La histórica foto de Barriopedro con Tejero en el Congreso gritando pistola en mano: «¡Quieto todo el mundo!» Y después: «¡Todos al suelo!», seguido de un tiroteo.

Todos los ciudadanos pueden acceder desde el miércoles pasado a los documentos hasta ahora secretos sobre el Golpe de Estado del 23 de febrero de 1981en el sitio: https://www.lamoncloa.gob.es/Paginas/index.aspx. Es una noticia estupenda. La desclasificación fue decidida por el presidente del Gobierno, Pedro Sánchez, al cumplirse el 45 aniversario de aquella intentona fascista contra la democracia y la Constitución, que apenas tenía entonces dos años y dos meses de vida. Pocas horas después del libre acceso a estos papeles las diñaba en Málaga el dañino golpista Antonio Tejero Molina.

Los documentos desclasificados permiten conocer algunos detalles de “la operación” encabezada por el trío Tejero, Armada, Milans del Bosch, para volver a la dictadura de Franco con un Rey (Juan Carlos I de Borbón) después de todo formado a la sombra del dictador y con los esquemas del Estado autoritario que en aquellos momentos se sentía harto de Adolfo Suárez y, según decían, de la debilidad de la democracia frente al terrorismo y el separatismo. Por si fuera poco, reinaba el entonces llamado “desencanto”.

“No quiero que la democracia sea otra vez un breve paréntesis de nuestra historia”, había dicho el entonces presidente Suárez unas semanas antes del Golpe, al presentar su dimisión debido, entre otras cosas, a las disensiones en su partido, la Unión del Centro Democrático (UCD). Los democratacristianos querían el poder, los socialdemócratas amenazaban con largarse y los azules iban quedado en minoría.

Los papeles nada aclaran sobre las presiones a Suárez, previas al Golpe de Estado.

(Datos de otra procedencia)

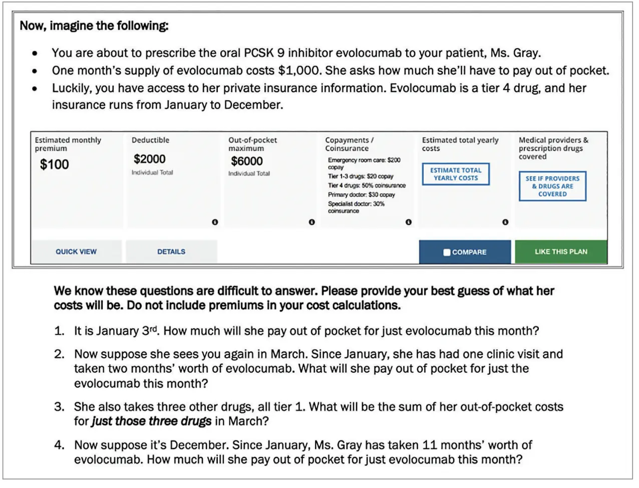 After that, they’re given a vignette about a patient where they need to guess how much a patient would pay if you prescribed a $1,000 drug using the patient’s insurance information they have readily available (already a fantasy scenario).
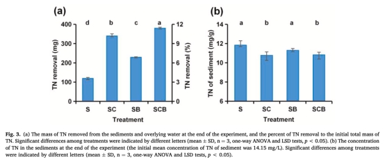 ? 意義:直接體現(xiàn)耦合技術(shù)對沉積物氮負荷的削減效果(SCB組沉積物TN顯著低于對照組)。

Pero su frase enigmática apuntaba al golpismo militar (también hablaban del “golpe de timón”) con la posible anuencia del monarca, ya enfadado desde que Suárez le pidió que se cortara un poco en sus visitas a las amantes fuera de España, pues la reina Sofía estaba enfadadísima y amenazaba con separarse y largarse a Londres con los hijos. Tamaño escándalo era lo que menos necesitaba la incipiente democracia.

Aunque nada en los documentos del Golpe desdibuja el papel del rey emérito en defensa de la democracia aquel 23-F, el solo anuncio de la desclasificación de los documentos y las grabaciones con que cuenta la Administración General del Estado, puso de los nervios a los jefes del PP, que suponían que Sánchez se disponía a dar la puntilla al monarca emérito. Nada más lejos de la verdad. Hay que ser muy cafre y muy tonto para ignorar a estas alturas que el propio Juan Carlos I sabía que se jugaba la Corona si apoyaba el Golpe y conculcaba la Constitución refrendada por los españoles tan solo dos años y dos meses antes.

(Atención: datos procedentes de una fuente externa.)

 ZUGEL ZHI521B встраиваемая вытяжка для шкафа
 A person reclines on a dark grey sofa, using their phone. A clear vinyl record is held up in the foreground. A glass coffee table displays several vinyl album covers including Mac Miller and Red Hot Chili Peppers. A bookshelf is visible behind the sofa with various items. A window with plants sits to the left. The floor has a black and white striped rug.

Con todo, el líder del PP, Alberto Núñez Feijóo, envistió contra Sánchez el mismo miércoles en el pleno del Congreso: “Desclasifique el accidente de Adamuz, las causas del apagón del 28 de abril, los presupuestos del Estado, los documentos policiales que advierten de la regularización de un millón de irregulares…” Ninguno de esos asuntos es secreto. Tanto da. Feijóo apeló a ETA (disuelta hace una década) y escupió: “El 23-F había un presidente del Gobierno que luchaba contra el terrorismo; usted pacta con ellos y los excarcela”.

Entonces, el presidente Sánchez, que cree que los ciudadanos tienen derecho a conocer la información sin intermediarios, replicó a Feijóo: “¿Por qué le molesta tanto que se desclasifiquen los documentos del 23-F?” Y al líder del PP se le ocurrió responder que él no iba a tardar 45 años sino 45 horas en “desclasificar la corrupción del PSOE”.

Demagogia aparte, lo cierto es que al comprobar que no hay nada en los papeles contra el Rey emérito, a Feijóo se le ocurrió pedir públicamente que vuelva de Abu Dabi, como si el 23-F tuviera algo que ver con la decisión adoptada en el año 2020 de fijar su residencia en la capital de los Emiratos Árabes Unidos, donde disfruta de una villa de lujo y no paga impuestos. La Casa del Rey no pone objeción a que vuelva si quiere, aunque “para salvaguardar la imagen de la Corona como institución, deberá recuperar la residencia fiscal en España».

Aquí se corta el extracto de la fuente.